이번 데이터셋에서는 분류를 위한 알고리즘인 로지스틱 회귀를 이용하여 예측 모델을 만들어 보겠습니다.

# 모델 평가를 위한 함수 설정
def get_clf_eval(y_test, y_pred):
  confusion = confusion_matrix(y_test, y_pred)
  accuracy = accuracy_score(y_test, y_pred)
  precision = precision_score(y_test, y_pred)
  recall = recall_score(y_test, y_pred)
  F1 = F1_score(y_test, y_pred)
  AUC = roc_auc_curve(y_test, y_pred)
  # 평가지표 출력
  print('오차행렬:\n', confusion)
  print('\n정확도: {:.4f}'.format(accuracy))
  print('정밀도: {:.4f}'.format(precision))
  print('재현율: {:.4f}'.format(recall))
  print('F1: {:.4f}'.format(F1))
  print('AUC: {:.4f}'.format(AUC))

# Precision-Recall Curve Plot 그리기
def precision_recall_curve_plot(y_test, pred_proba):
  # threshold의 ndarray와 threshold 값별 정밀도, 재현율에 대한 ndarray 추출
  precisions, recalls, thresholds = precision_recall_curve(y_test, pred_proba)
  
  # x축을 threshold, y축을 정밀도, 재현율로 그래프 그리기
  plt.figure(figsize = (8, 6))
  thresholds_boundary = thresholds.shape[0]
  plt.plot(thresholds, precisions[:thresholds_boundary], linestyle = "--", label = "precision")
  plt.plot(thresholds, recalls[:thresholds_boundary], linestyle = ":", label = 'recall')
  
  # thresholds의 값 X축 scale을 0.1 단위로 변경
  start, end = plt.xlim()
  plt.xticks(np.round(np.arange(stard, end, 0.1), 2))
  
  plt.xlim()
  plt.xlabel('thresholds')
  plt.ylabel('precision & recall value')
  plt.legend()
  plt.grid()

# 피처 데이터 세트 X, 레이블 데이터 세트 y 를 추출
X = diabetes_data.iloc[:, :-1]
y = diabetes_data['Outcome']

# 데이터를 훈련과 테스트 데이터로 분리
X_train, X_test, y_train, y_test = train_test_split(X, y, 
                                                    test_size = 0.2, 
                                                    random_state = 156,
                                                    stratify = y)
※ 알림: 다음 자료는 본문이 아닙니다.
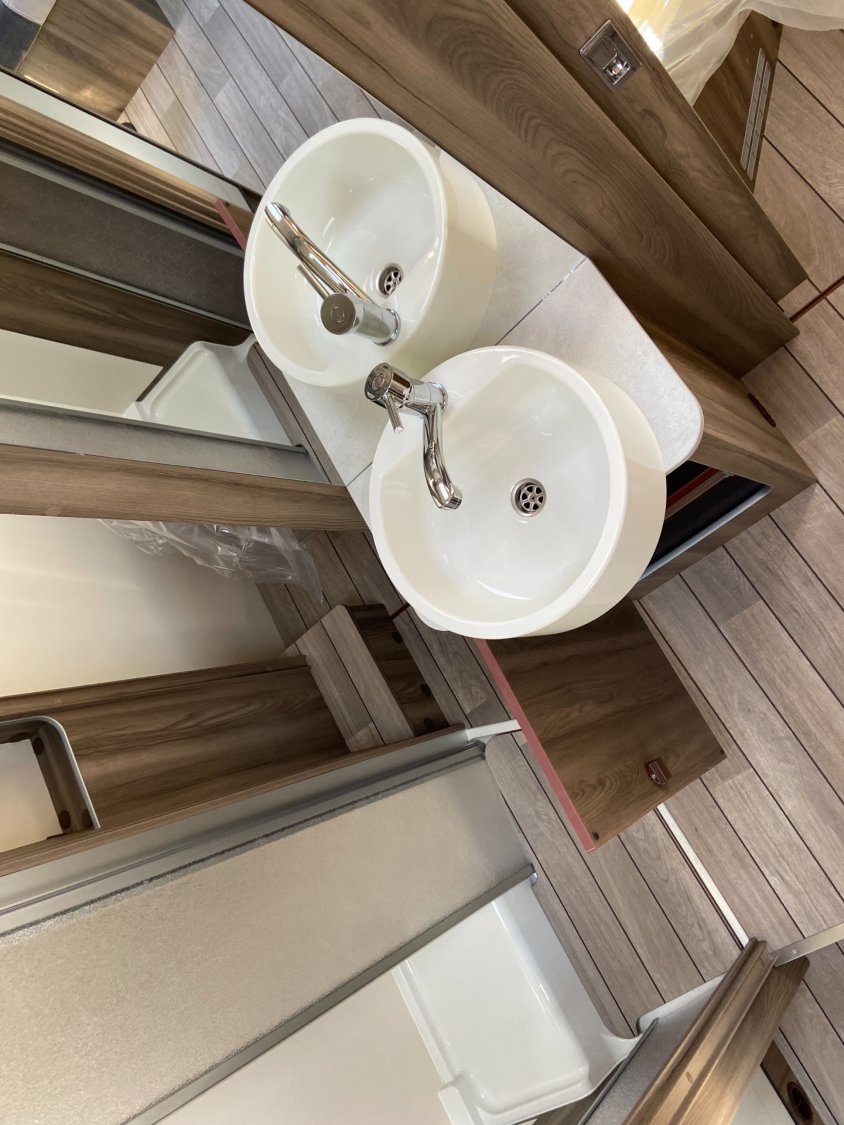 Modèle 2026 de la marque Roller Team, Camping car profilé Lit central + Lit de pavillon, implantation moderne avec une vasque centrale ! Le tout agrémenté par un moteur 165ch et une boîte automatique !

# 로지스틱 회귀로 학습, 예측 및 평가를 수행
lr_clf = LogisticRegression()
lr_clf.fit(X_train, y_train)
pred = lr_clf.predict(X_test)
get_clf_eval(y_test, pred)

# 출력:
오차행렬:
 [[87 13]
 [22 32]]

정확도: 0.7727
정밀도: 0.7111
재현율: 0.5926
F1: 0.6465
AUC: 0.7313

전체 데이터를 모두 음성(0)으로 판정할 경우 약 65.10%(=500/768)의 정확도를 나타내는데 로지스틱 회귀의 경우, 별도의 데이터나 모델의 변경없이도 77.27%의 성능을 나타냅니다.

# 임계값별로 정밀도-재현율 시각화
pred_proba = lr_clf.predict_proba(X_test)[:, 1]
precision_recall_curve_plot(y_test, pred_proba)

위의 정밀도-재현율 그래프를 보면 임계값을 약 0.42 정도 수준일 때, 정밀도와 재현율이 균형을 이루는 것을 볼 수 있습니다. 이때 정밀도, 재현율은 0.7에 못 미치는 수준으로 그리 높지 않아 보입니다.

보다 모델의 성능을 높이기 위해 데이터를 다시 확인해보겠습니다.

# 데이터의 기초 통계값들
diabetes_data.describe()

위의 결과를 보면 최소값이 0으로 되어 있는 데이터들이 다수 존재하는 것을 볼 수 있습니다.

Glocose(당 수치), BloodPressure(혈압), SkinThickness(피하지망), 인슐린(Insulin), BMI(체질량지수) 같은 값이 실제로 0일 수는 없으므로 더 상세한 데이터 확인이 필요합니다.

f, ax = plt.subplots(2, 3, figsize = (15, 8))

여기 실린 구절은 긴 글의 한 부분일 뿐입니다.